Как только я это понимаю, в темноте одна за другой вспыхивают яркие искорки. На меня несется галерея дурацких мотивирующих плакатов, которые школьный психолог миссис Гарднер развесила по стенам кабинета, вот только каждый плакат раздулся раз в сто и стал размером с дом. На одном — фотография Эйнштейна и подпись «За притяжение влюбленных гравитация не отвечает». На другом — цитата из Томаса Эдисона: «Гений — это один процент вдохновения и девяносто девять процентов пота». Что, если ухватиться за какой-нибудь плакат? Но выдержит ли он мой вес? С этой мыслью я пролетаю мимо плаката с полосатой кошкой, цепляющейся за ветку дерева одними когтями; «Держись!» — гласит он.
Самое забавное, что при виде этого плаката свист в ушах прекращается, страх исчезает и становится ясно, что я вовсе не падала все это время. Я парила.
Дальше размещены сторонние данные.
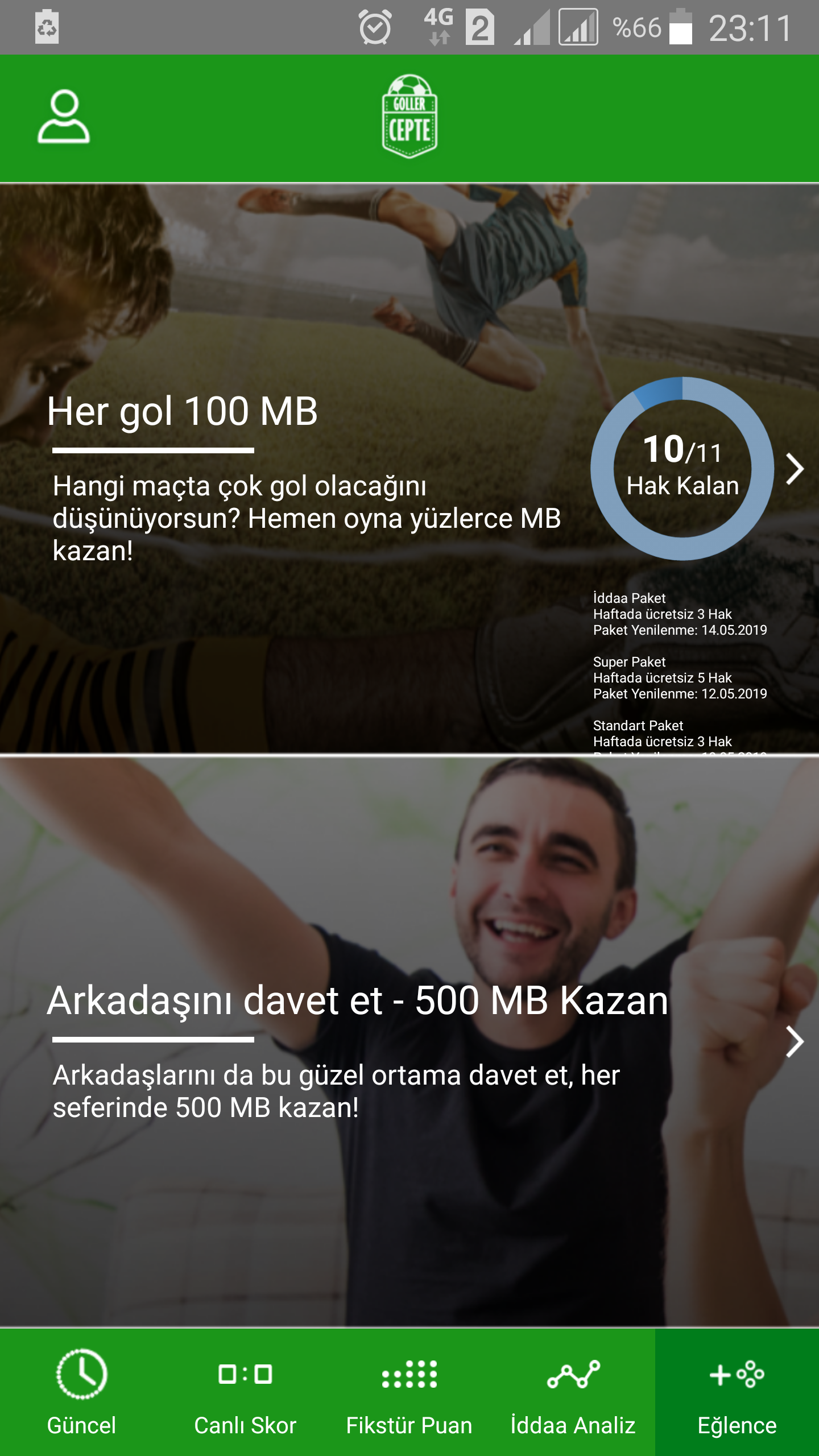 Aylık Goller Cepte Standart Paket alırsanız haftada 6 maç,ayda 24 maç tahmin hakkınız olur.En kötü ihtimalle ayda 3GB internet alırsınız.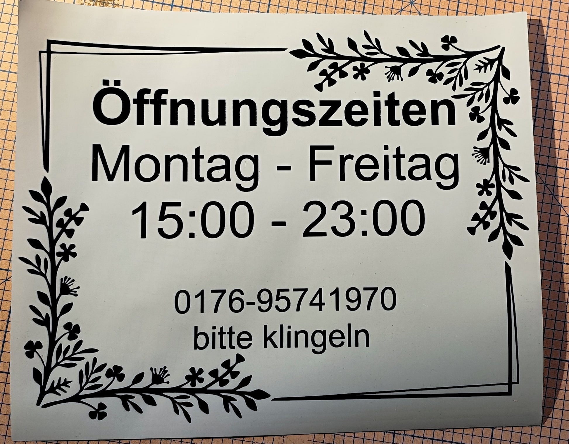 Individuelle Öffnungszeiten-Aufkleber | Wunschdesign & Wunschfarbe | Selbstklebend & leicht anzubringen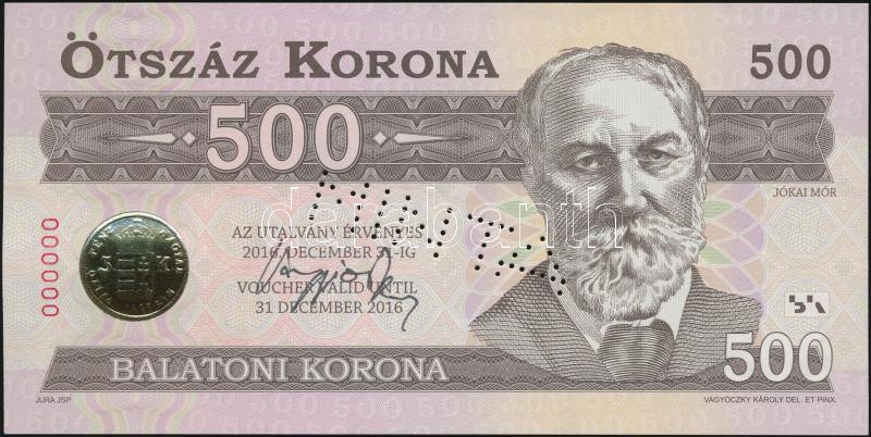 Leírás: 2012. 10.000K "Balatoni Korona" "000000" sorszámmal, "MINTA" perforációval, a tervező, Vagyóczky Károly aláírásával T:I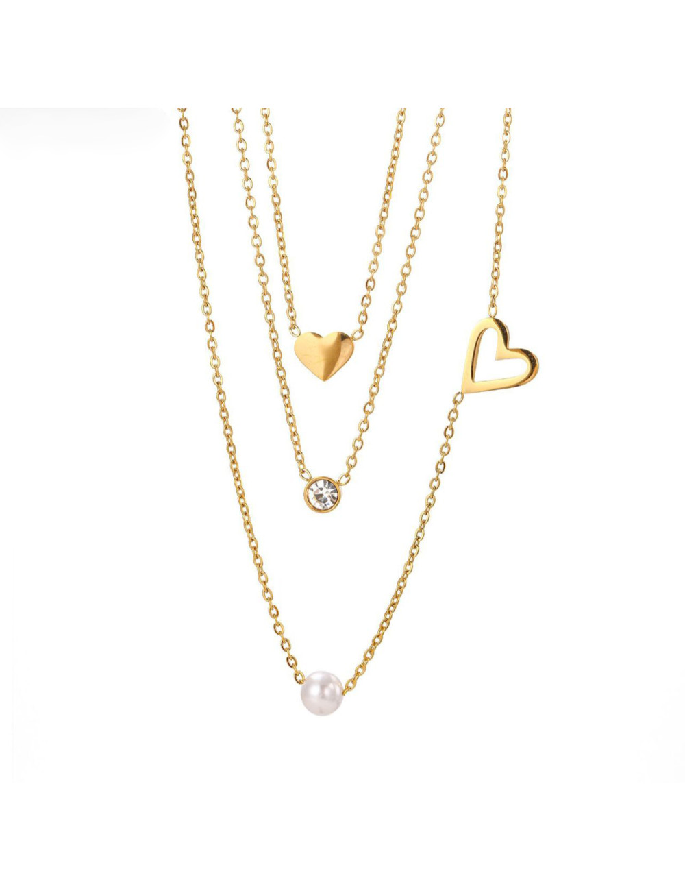 SET DE COLLARES TRIPLE ACERO CON PERLA, CRISTAL Y CORAZONES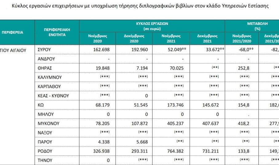 Για τις επιχειρήσεις του κλάδου υπηρεσιών εστίασης με υποχρέωση τήρησης διπλογραφικών βιβλίων, για τις οποίες υπάρχουν διαθέσιμα στοιχεία σε μηνιαία βάση, ο κύκλος εργασιών τον Δεκέμβριο 2021 ανήλθε σε 137.104.168 ευρώ, σημειώνοντας αύξηση 118,9% σε σχέση με τον Δεκέμβριο 2020, όπου είχε ανέλθει σε 62.626.204 ευρώ. Για τις επιχειρήσεις των Περιφερειακών Ενοτήτων με συνεισφορά στον συνολικό κύκλο εργασιών έτους 2020 μεγαλύτερη από 1,0%, η μεγαλύτερη αύξηση στον κύκλο εργασιών τον Δεκέμβριο 2021 σε σύγκριση με τον Δεκέμβριο 2020 παρατηρήθηκε στην Περιφερειακή Ενότητα Μαγνησίας (742,4%) και η μικρότερη αύξηση (64,7%) καταγράφηκε στην Περιφερειακή Ενότητα Ηρακλείου, ενώ μείωση (39,4%) καταγράφηκε στην Περιφερειακή Ενότητα Χαλκιδικής.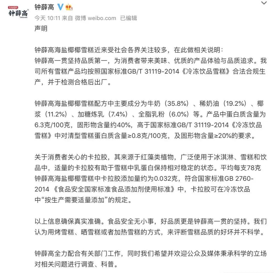 对此,钟薛高很快作出了回应,总结来说大致有三点:第一,关于原料成分,钟薛高雪糕合法合规生产、检测合格出厂,产品中蛋白质含量还高于国家标准;第二,关于稳定剂,冰淇淋、雪糕中普遍含有卡拉胶,钟薛高的添加量符合国家标准,而且是为了让雪糕中乳蛋白保持相对稳定状态;第三,关于“烧不化”,通过烤雪糕、晒雪糕或加热雪糕,来评断雪糕品质的好坏,不科学。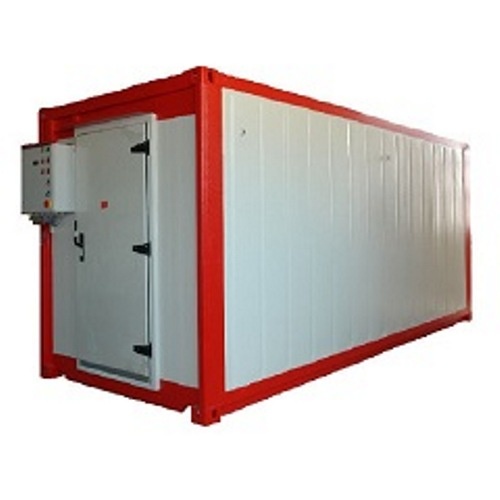Камера изготовлена по технологии модульного здания. С тыльной стороны модуля установлена холодильная установка (опционально модульная камера может быть доукомплектована дизель - генераторной станцией с баком для топлива). На потолке опционально устанавливаются подвесные пути (для подвешивания туш КРС). Холодильная камера предусмотрена для уличной эксплуатации в зимний период с диапазоном температур от +45 гр.С до -45 гр.C. Установлена система зимнего пуска KVR + NRD. Для эксплуатации в зимний период, опционально предусмотрена система автоматического подогрева камеры до Т=+25 гр.C. камера поставляется в полной готовности и заправлена фреоном. В машином отделении предусмотрена вентиляция в случае установки лизель генератора или подогревателя.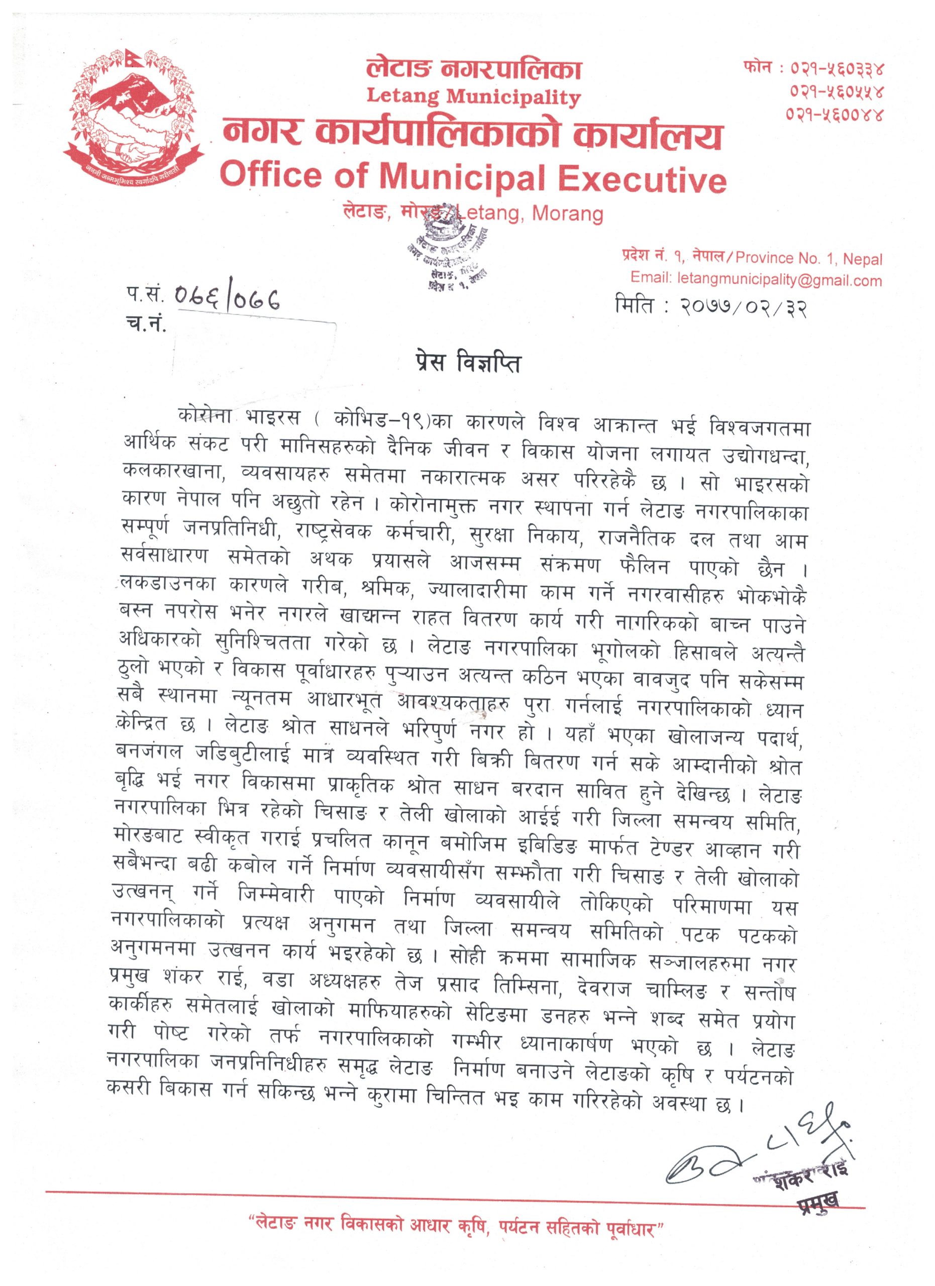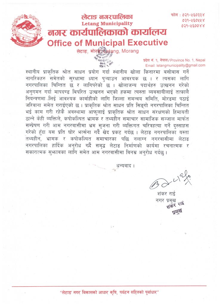 आइतबार नगर प्रमुख शंकर राईले प्रेस विज्ञप्ति सार्वजनिक गर्दै आफ्नो र केही वडाध्यक्षको नाम जोडेर सामाजिक सञ्जालमा जथाभावि लेखेको विषयलाई खण्डन गर्नु भएको हो ।विज्ञप्तिमा लेटाङ नगरपालिकाका जनप्रतिनिधिहरू समृद्ध लेटाङ नगर निर्माण गर्न लेटाङको कृषि र पर्यटनको कसरी विकास गर्न सकिन्न भन्नेमा सधैंं चिन्तित रहेको उल्लेख छ । नगरपालिकाले सम्पूर्ण मापदण्ड पुरा गरेर ईविडिङ प्रविधिबाट टेण्डर आह्वान गरी ठेक्का दिएको ध्यानाकर्षण गराउँदै पटक पटक जिल्ला समन्वय समिति मोरङले अनुगमन गरेको बताएको छ । विज्ञप्तिमा भनिएको छ –स्थानीय प्राकृतिक स्रोत साधनको प्रयोग गर्दा खोला किनारमा बसोवास गर्ने नागरिकहरूको समेत सुरक्षामा ध्यान पु¥याउन आवश्यक छ । त्यसका लागि नगरपालिका चिन्तित रहेृको र मापदण्ड विपरित उत्खनन हुँदा पक्राउ गरी कारबाही गर्न जिल्ला समन्वय समिति पठाएको विज्ञप्तिमा उल्लेख छ ।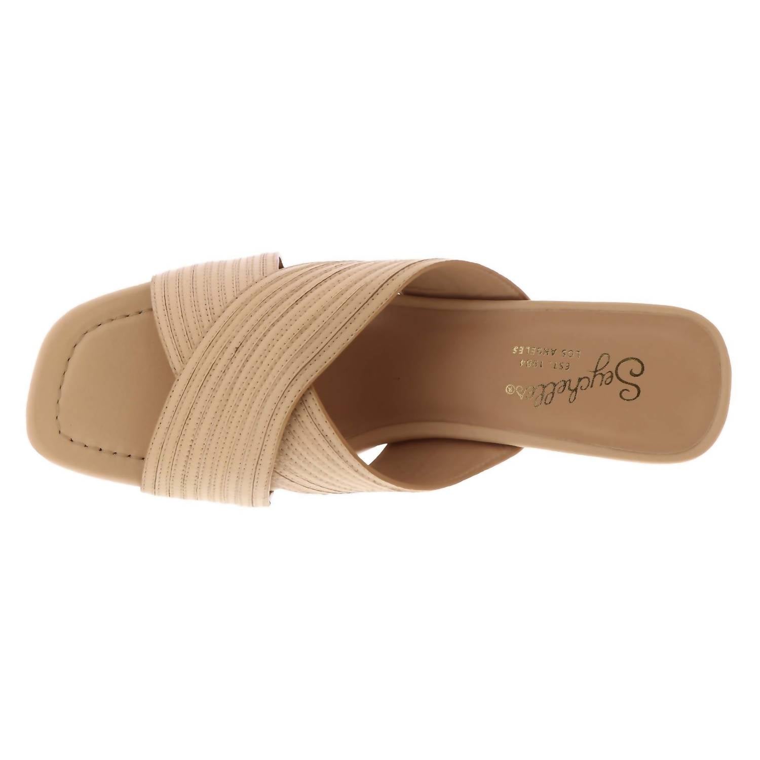 Flowy dresses, cropped pants, and even jumpsuits... this sandal works with them all! Step into sophistication with the Seychelles Women's Fleet Sandal in Nude, a minimalist choice for summer soirées. These sandals boast a 3-inch stiletto heel, crafted from textured leather with elegant cutout detailing that exudes style. Featuring an open square toe for a chic look and an easy slip-on design, they promise both comfort and fashion. Ideal for evening events or Easter gatherings, they are finished with a durable man-made outsole.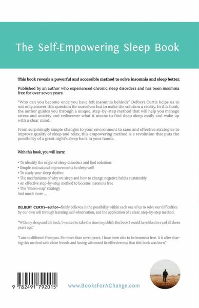 ¿ THE KEY TO EXCELLENT SLEEP This book guides you through a unique and easy 3-step sleep method with no pills, no diets, and no complexity. Experience significant improvements within 5 days to 4 weeks. If you are looking for solutions to get the sleep you need, you want to read this book. In a hyperactive culture where it is increasingly difficult to disconnect, disrupted sleep patterns and circadian rhythm disorders are becoming the norm. It is no wonder that over 35% of Americans endure the debilitating effects of sleep disorders every year. Who better to share practical solutions that will help you sleep smarter than someone who has been through the difficulties of insomnia and solved them? From surprisingly simple changes to your environment to sane and effective strategies to fall asleep faster, this efficient method brings you the possibility of a great night's sleep. ¿ AN ESSENTIAL GUIDE FOR EVERYONE: Uncover a powerful 3-step method to sleep soundly Identify the origin of your sleep difficulties - unlock practical solutions Train yourself to fall asleep through a mindfulness approach See the big picture over a 15-day period with the Sleep Graph-Test Study your daily sleep rhythm - solve sleep schedule issues Learn how to regulate your sleep rhythm sustainably for long term benefits Discover the "micro-nap" strategy and boost your energy throughout the day And much more... ¿ HELP SOLVE SLEEP ISSUES LIKE:Short-term and chronic insomnia Occasional sleeplessness Anxiety and stress-related to sleep Irregular sleep schedules Sleep-related circadian rhythm disorders Insufficient sleep syndrome ¿ ANSWERS TO QUESTIONS SUCH AS:How can I fall asleep faster and be fully rested each day? How can I manage stress and anxiety related to sleep? Is sleep deprivation dangerous? What should I do to sleep better? How can I use a sleep meditation effectively? How can I use this guide to get a consistent sleep? The Self-Empowering Sleep Book is the decisive guide to enhance sleep and bring long-term change for a joyful life.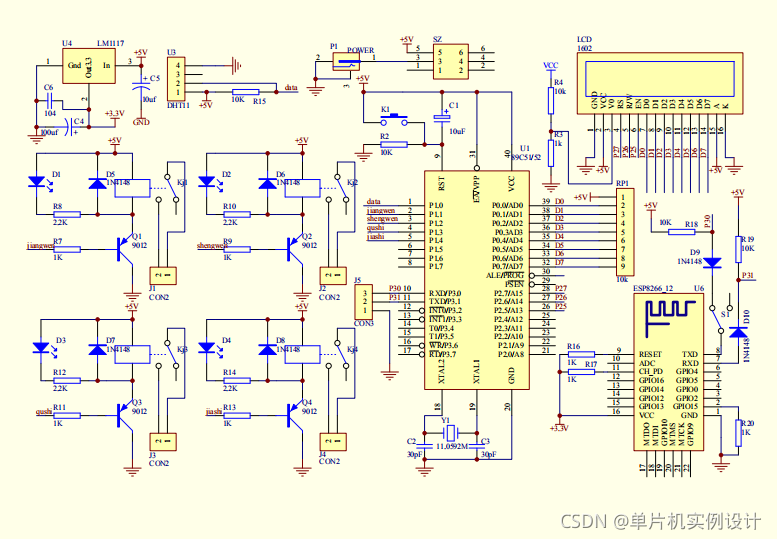 (3)LCD1602液晶显示,上面行显示当前的温度和湿度,下面行显示相应的冷、热、干、湿。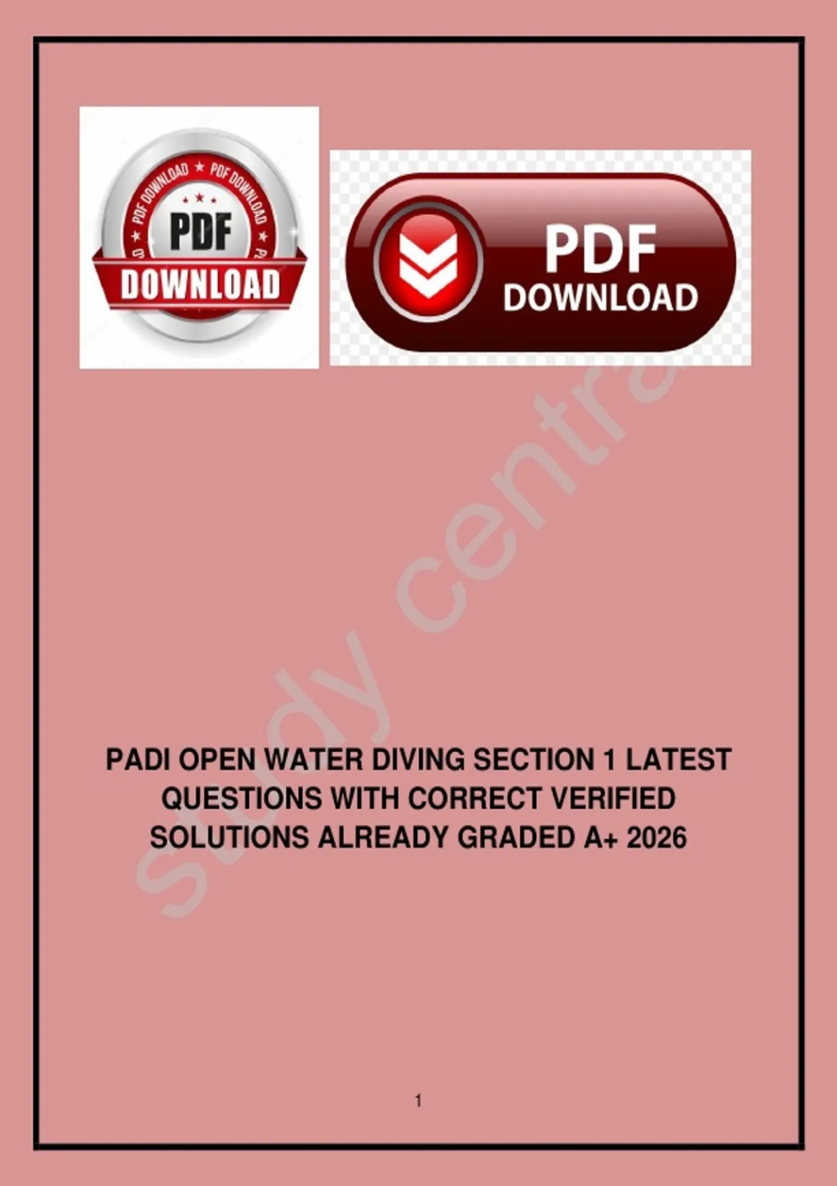INSTANT PDF DOWNLOAD This document focuses on Section 1 of the PADI Open Water Diver course, presenting the latest exam-style questions with fully verified correct solutions. It covers foundational topics such as basic dive principles, safety awareness, equipment introduction, and essential diving rules required for beginner-level understanding. The material is already graded A+ and is ideal for early exam preparation, revision, or reinforcing core knowledge before advancing to later sections.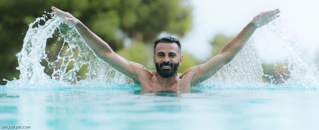 مد الله العليان، لاعب فريق الاتفاق الأول لكرة القدم، في المسبح خلال الحصة الصباحية، الأحد، بمعسكر الفريق في مدينة لا مانجا الإسبانية (المركز الإعلامي ـ الاتفاق)
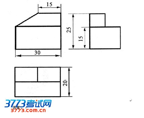 例2:根据三视图标注的尺寸,画出该部件的正等轴侧图(单位:mm)。(请保留作图痕迹)。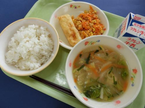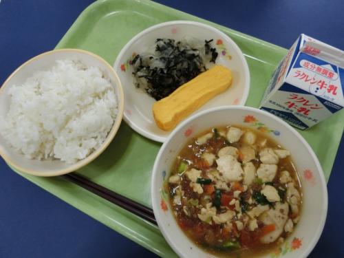 1/18(木)今日の給食 ぎゅうにゅう ごはん いりどうふ あつやきたまご いそかあえ

Дребезжание будильника — самая приятная мелодия на свете. Я сажусь; грудь распирает от смеха. Мне хочется коснуться всего в комнате — стен, окна, коллажа, вороха фотографий на столе, брошенных на полу джинсов «Тахари», учебника биологии и даже тусклого лучика света, едва вскарабкавшегося на подоконник. Я бы взяла его в руки и поцеловала, если бы могла.
— У кого-то хорошее настроение, — улыбается мама, когда я спускаюсь вниз.
Иззи сидит за столом и, как всегда, медленно и осторожно грызет рогалик с арахисовым маслом.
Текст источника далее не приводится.